Although the present invention has been described with reference to certain preferred embodiments thereof, other versions are readily apparent to those of ordinary skill in the preferred embodiments contained herein.

Claims

What is claimed is:

1. A refrigeration system for cooling a space, said system having a refrigeration mode and having a defrost mode, said system comprising:

a two-stage compressor to compress a refrigerant;

a two-circuit condenser connected to said two-stage compressor, said condenser comprising a sub-condenser circuit and a main condenser circuit;

an evaporator connected to said main condenser circuit of said two-circuit condenser, said evaporator absorbs heat from the space that is to be cooled during refrigeration mode;

a sub-cooling heat exchanger having a first connection between said sub-condenser circuit of said two-circuit condenser and said two-stage compressor and a second connection that is between said main condenser and said evaporator;

a first electric expansion valve connected between said sub-condenser circuit of said two-circuit condenser and said sub-cooling heat exchanger;

a second electric expansion valve connected between said sub-cooling heat exchanger and said evaporator;

a third electric expansion valve connected between main condenser circuit of said two-circuit condenser; said third electric expansion valve also controls head pressure of said main condenser circuit of said two-circuit condenser during refrigeration mode;

means for electronic controlling said system wherein said controller means controls said first electric expansion valve to modulate the true superheat of said sub-cooling heat exchanger and wherein said controller means controls said second electric expansion valve to modulate the true superheat of said evaporator when said system is in the refrigeration mode and wherein said controller means controls said third electric expansion valve to modulate the suction pressure of said main condenser circuit of said two-circuit condenser when said system is in the defrost mode and modulates the head pressure when said system is in the refrigeration mode.

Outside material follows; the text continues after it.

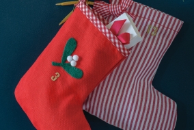 Retournez votre botte sur l'endroit. Vous pouvez maintenant coudre un biais sur le rebord ainsi qu'une attache. Enfin, décorez votre bottillon comme vous le souhaitez : empiècement de feutrine en forme de houx ou de gui, pompons, grelots… et pourquoi pas broder chaque jour du calendrier ?

2. The system of claim 1 further comprising:

a differential oil pressure switch associated with said controller means such that said defrost mode is initiated when oil level is low.

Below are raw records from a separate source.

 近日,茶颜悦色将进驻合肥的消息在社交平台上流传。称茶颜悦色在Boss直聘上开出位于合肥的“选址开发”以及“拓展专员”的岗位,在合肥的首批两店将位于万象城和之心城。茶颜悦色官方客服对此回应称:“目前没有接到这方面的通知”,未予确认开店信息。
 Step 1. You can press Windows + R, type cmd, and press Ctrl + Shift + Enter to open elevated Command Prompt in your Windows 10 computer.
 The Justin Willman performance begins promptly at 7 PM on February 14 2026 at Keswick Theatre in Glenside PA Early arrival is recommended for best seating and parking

3. The system of claim 1 further comprising:

a drain pan beneath said evaporator;

a drain pan loop associated with said evaporator, wherein a portion of said refrigerant enters said loop to melt the ice or frost and the major portion of said refrigerant enters said evaporator to melt the ice or frost when said system is in the defrost mode.

4. The system of claim 1 further comprising a refrigerant reservoir interposed between said sub-cooling heat exchanger and said main condenser in the connection connecting said sub-cooling heat exchanger and said main condenser.

5. The system of claim 1 further comprising an oil separator connected between said two-stage compressor and said two-circuit condenser such that refrigerant oil is separated by said oil separator and discharged back to a crankcase in said two-stage compressor.